● THE TASK: Return each line of the listing exactly, though without its images.

● SOURCE RECORDS:

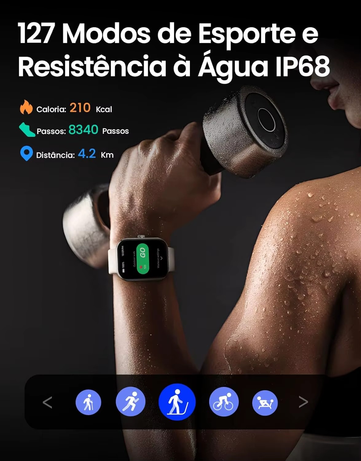O monitoramento de saúde 24 horas acompanha sua frequência cardíaca, nível de oxigênio no sangue (SpO₂), qualidade do sono, nível de estresse e ciclo menstrual, auxiliando na sua saúde diária com resultados. São 127 modos esportivos, incluindo corrida, ciclismo, yoga e natação, para manter seu treino diversificado e motivador, enquanto a certificação IP68 garante resistência contra água e poeira para uso sem preocupações.
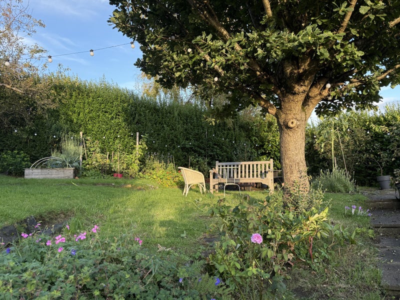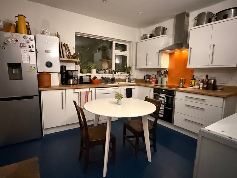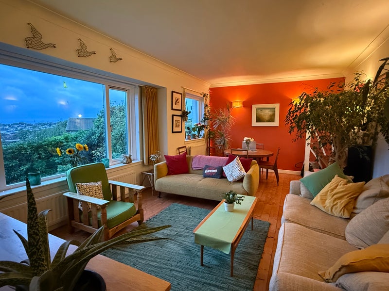 There is a large living/dining room, separate well-equipped kitchen and a shared shower room. The house is very warm, comfortable, and homely with lots of plants, pictures etc.
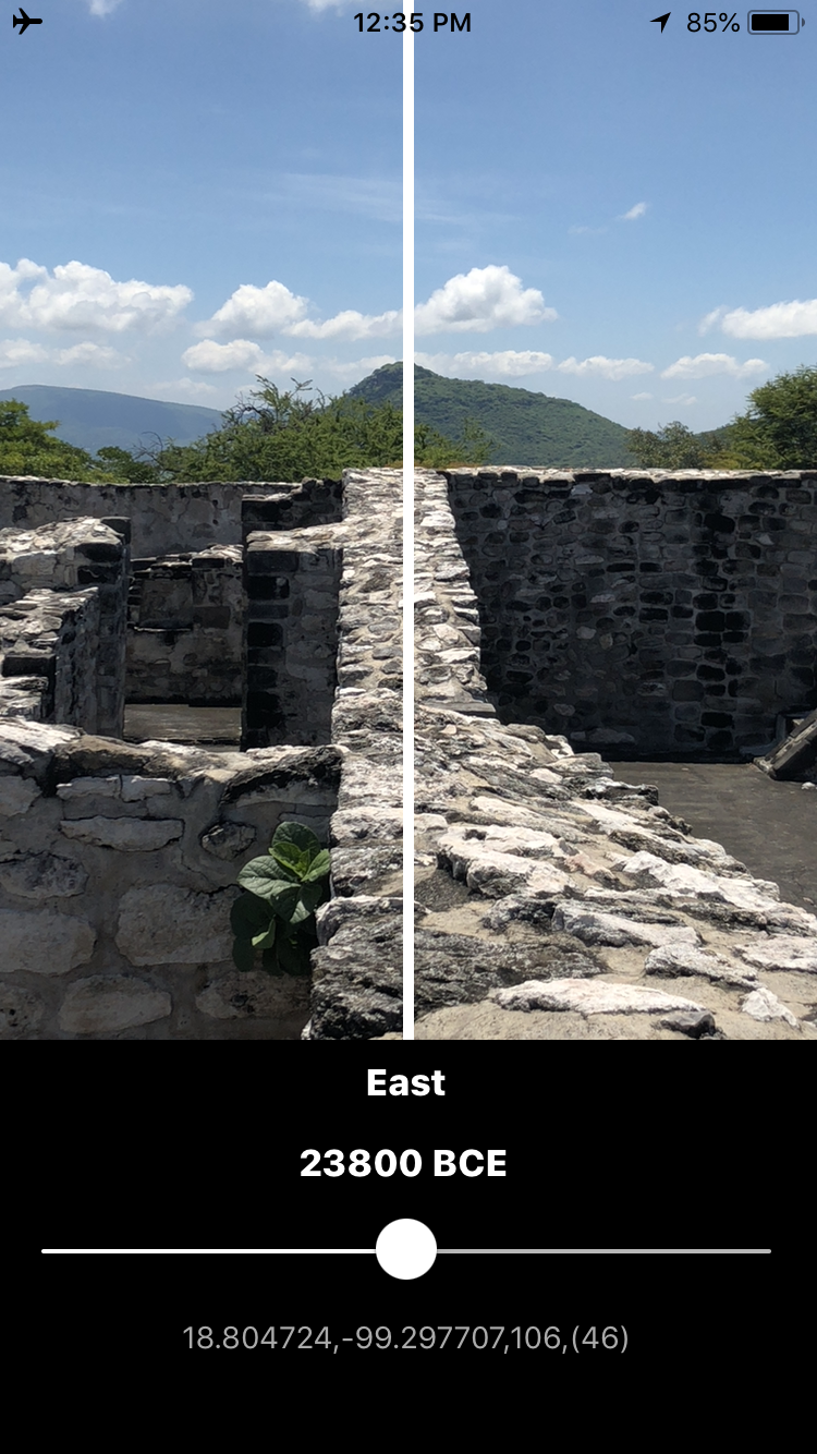 Sacred Directions AR can be used anywhere as it does not require an Internet connection. Hold it up and rotate in a circle to find the cardinal directions, summer and winter solstice sunrise and sunset directions, the summer and winter major and minor lunar standstill moonrise and moonset directions. The time slider allows you to view these directions now or anytime within the past 170,000 years.
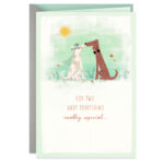 Wedding greeting card celebrates the love the newlywed couple share with its sweet display of two dogs touching noses. One pup wears a bow tie while the other wears a veil. Foil and metallic ink accents add a festive touch.
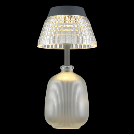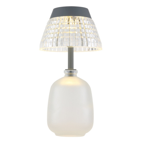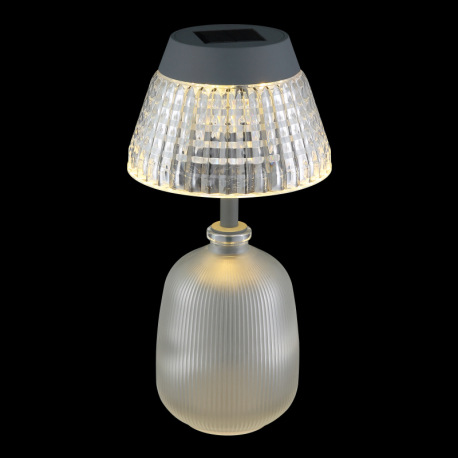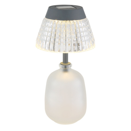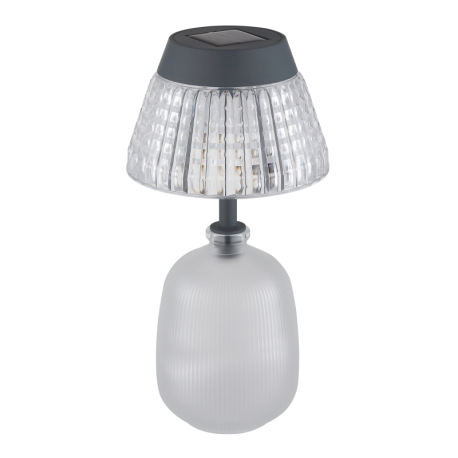 Solárne svietidlo, satinované sklo, antracitový plast, priehľadný akryl, posuvný spínač, batéria AAA

● RESPONSE FOR THIS EXERCISE:
O monitoramento de saúde 24 horas acompanha sua frequência cardíaca, nível de oxigênio no sangue (SpO₂), qualidade do sono, nível de estresse e ciclo menstrual, auxiliando na sua saúde diária com resultados. São 127 modos esportivos, incluindo corrida, ciclismo, yoga e natação, para manter seu treino diversificado e motivador, enquanto a certificação IP68 garante resistência contra água e poeira para uso sem preocupações.
 There is a large living/dining room, separate well-equipped kitchen and a shared shower room. The house is very warm, comfortable, and homely with lots of plants, pictures etc.
 Sacred Directions AR can be used anywhere as it does not require an Internet connection. Hold it up and rotate in a circle to find the cardinal directions, summer and winter solstice sunrise and sunset directions, the summer and winter major and minor lunar standstill moonrise and moonset directions. The time slider allows you to view these directions now or anytime within the past 170,000 years.
 Wedding greeting card celebrates the love the newlywed couple share with its sweet display of two dogs touching noses. One pup wears a bow tie while the other wears a veil. Foil and metallic ink accents add a festive touch.
 Solárne svietidlo, satinované sklo, antracitový plast, priehľadný akryl, posuvný spínač, batéria AAA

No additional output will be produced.